For example, as shown in FIG. 7, when external forces are applied to the air bladder 202, such as when an external force is applied to the frame of the head-mountable device in a direction of the face of the user, the air bladder 202 can compliantly deform to be compressed along at the direction of the applied force and/or expanded along a direction that is her saga and all to the direction of the applied force. Such deformation can be provided regardless of whether the valve 208 becomes active. Where the pressure within the air bladder 202 exceeds a threshold, the valve 208 can be activated to release air and/or other fluids therethrough to an external environment.

As shown in FIG. 8, when the external force has been removed, the air bladder 202 can return to its initial shape, for example by virtue of an intrinsic resilience provided by the outer wall 206. The valve 208 can further be activated to receive air and/or other fluids from the external environment to be drawn into the inner chamber of the air bladder 202. While the resilience to return to initial shape can be provided by the outer walls 206 of the air bladder 202, it will be understood that other features can be provided to bias the air bladder 202 to an initial shape. For example, the inner chamber of the air bladder 202 can include an elastic fill material, foam, springs, and/or other media that provides radially outwardly directed forces to the outer walls 206 of the air bladder 202.

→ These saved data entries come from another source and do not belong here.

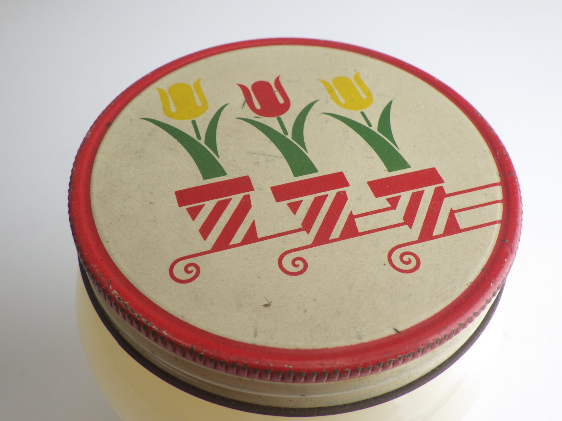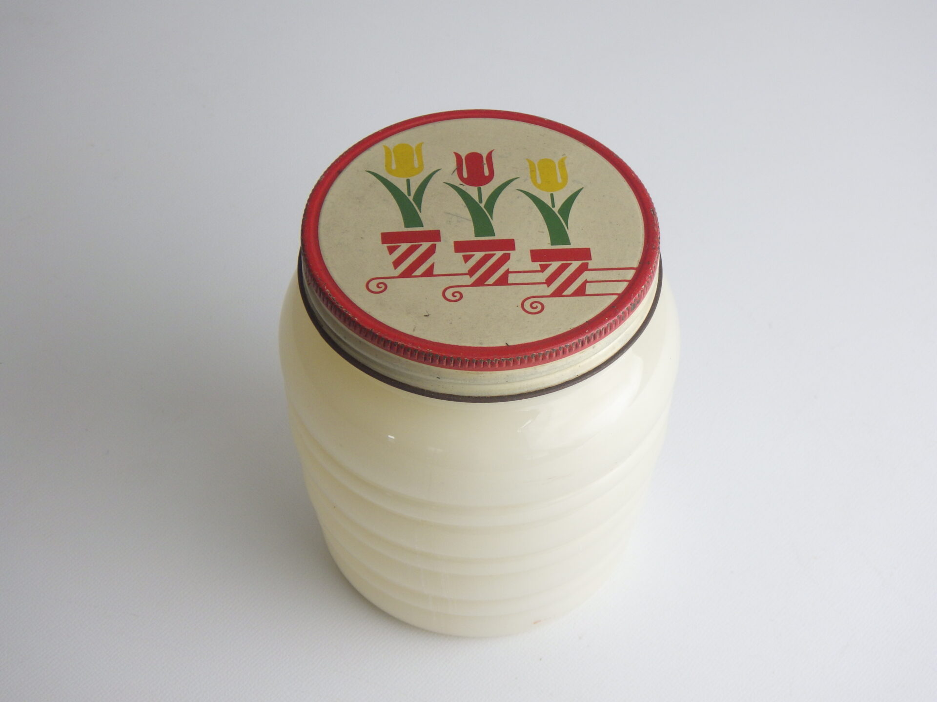 | 可愛いチューリップ柄の蓋のグリースジャーです。 元は油を入れるための容器です。 キッチンに置いておくだけでも可愛いですが、コーヒーやティーパックなどの保存容器としてお使いいただいても良さそうですね。 |
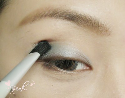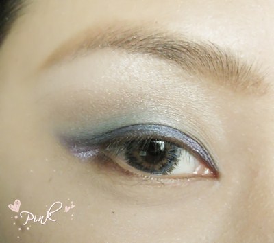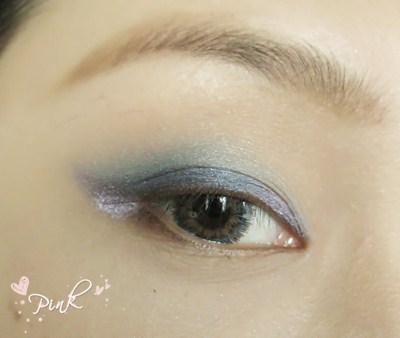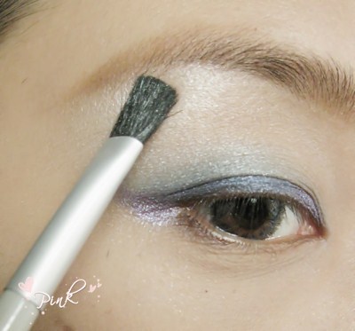 眼妆部分:在用紫色眼影在眼尾处和眼皮前方涂一点点.
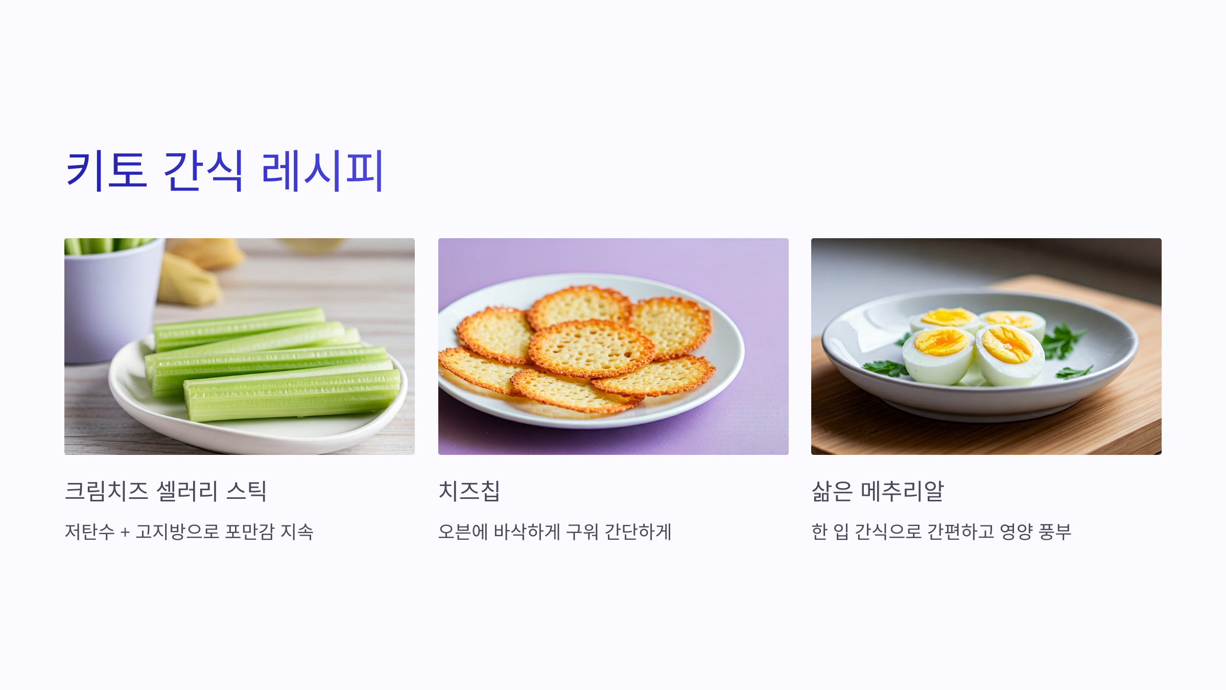| 크림치즈 셀러리 스틱 | 저탄수 + 고지방으로 포만감 지속 |
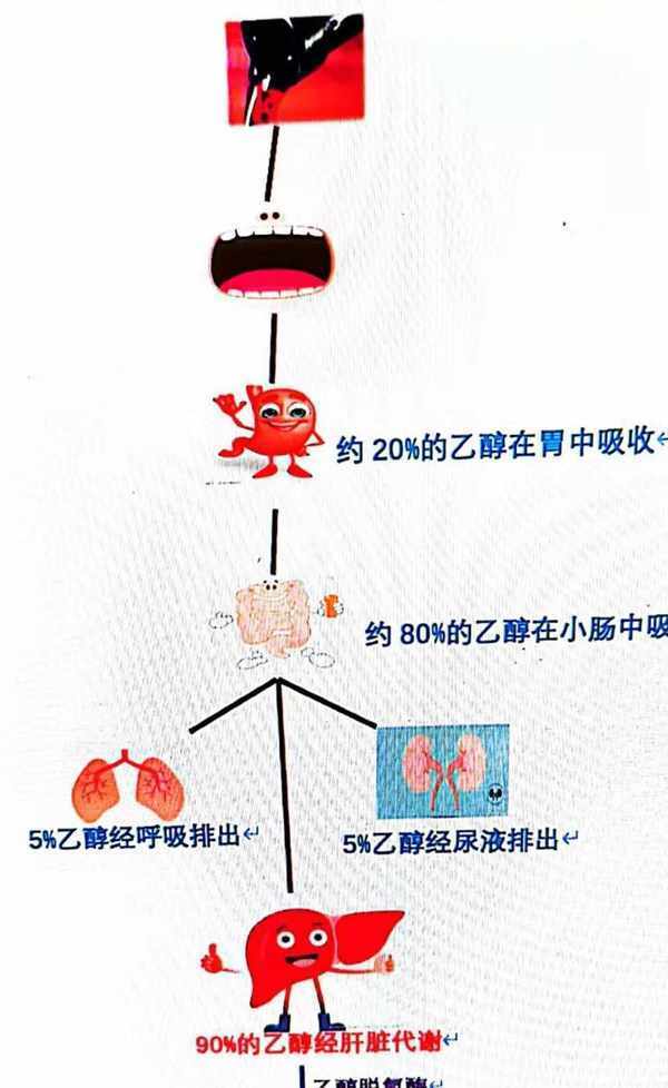 飲入的乙醇80%由小腸上段吸收,其餘由胃吸收。空腹飲酒時,在1小時內有60%被吸收,2小時吸收量達95%。乙醇被吸收後,通過血流遍及全身,約90%在肝臟由乙醛脫氫酶和過氧化氫酶氧化為乙醛,由乙醛脫氫酶進一步氧化為乙酸,最後經三羧酸循環氧化為水和二氧化碳。約10%乙醇不經氧化而緩慢經肺、腎排出。
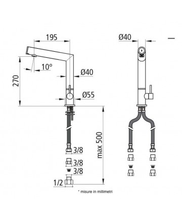 - Flessibili in acciaio inox 1/2" con guarnizioni filtro - Aeratore orientabile

As shown in FIGS. 9-10, an air bladder 202 can be provided with different features to provide different performance characteristics. For example, the outer walls 206 of an air bladder 202 can have a thickness that provides enhanced the resilience. Where the thickness of the outer walls 206 is greater, the air bladder 202 can provide less compliance and a more rapid return to an initial shape. For example, lower bladders can have walls that are thinner, and an upper bladder can have walls that are thicker than the walls of the lower bladders. By providing the upper bladder with thicker walls, the upper bladder can be more resilient, and the lower bladders can be more responsive to applied forces. Accordingly, upon an impact event, the lower bladders can provide a greater amount of relief at the cheeks of the user than will be provided by the upper bladder at the forehead of the user.

Additionally or alternatively, lower bladders can have walls that are thicker than the walls of the upper bladder. Additionally or alternatively, side bladders can have walls that are thicker or thinner than the walls of the lower bladders and/or the upper bladder. Additionally or alternatively, the material of a bladder can be different than the material of another bladder. For example, the material of one bladder can have a different modulus of elasticity than the other bladder.

As shown in FIGS. 11-12, an air bladder 202 can include other features to provide particular performance characteristics. For example, an air bladder 202 can include inner walls 216 that extend into an inner chamber are defined by the outer walls 206. The inner walls 216 can limit and/or direct flow of air and/or another fluid through the air bladder 202. By further example, as shown in FIG. 11, the inner walls 216 can form a tortuous pathway for passage of air to and/or from the valve 208. With such a pathway, the time required to move air and/or another fluid through the air bladder 202 can be extended.

As shown in FIG. 12, the inner walls 216 of the air bladder 202 can interact with the outer walls 206 upon deformation of the air bladder 202. Such an interaction can further limit flow through the chamber, for example by narrowing the passageways. The inner walls 216 can further provide additional resilience to the air bladder 202. For example, as the air bladder 202 deforms, the inner walls 216 can be compressed or otherwise deformed from a preferred and/or relaxed configuration. Where the inner walls 216 have an intrinsic resilience to return to an initial shape, the inner walls 216 can push off of the outer walls 206 or otherwise urge the air bladder 202 to return to its own initial shape.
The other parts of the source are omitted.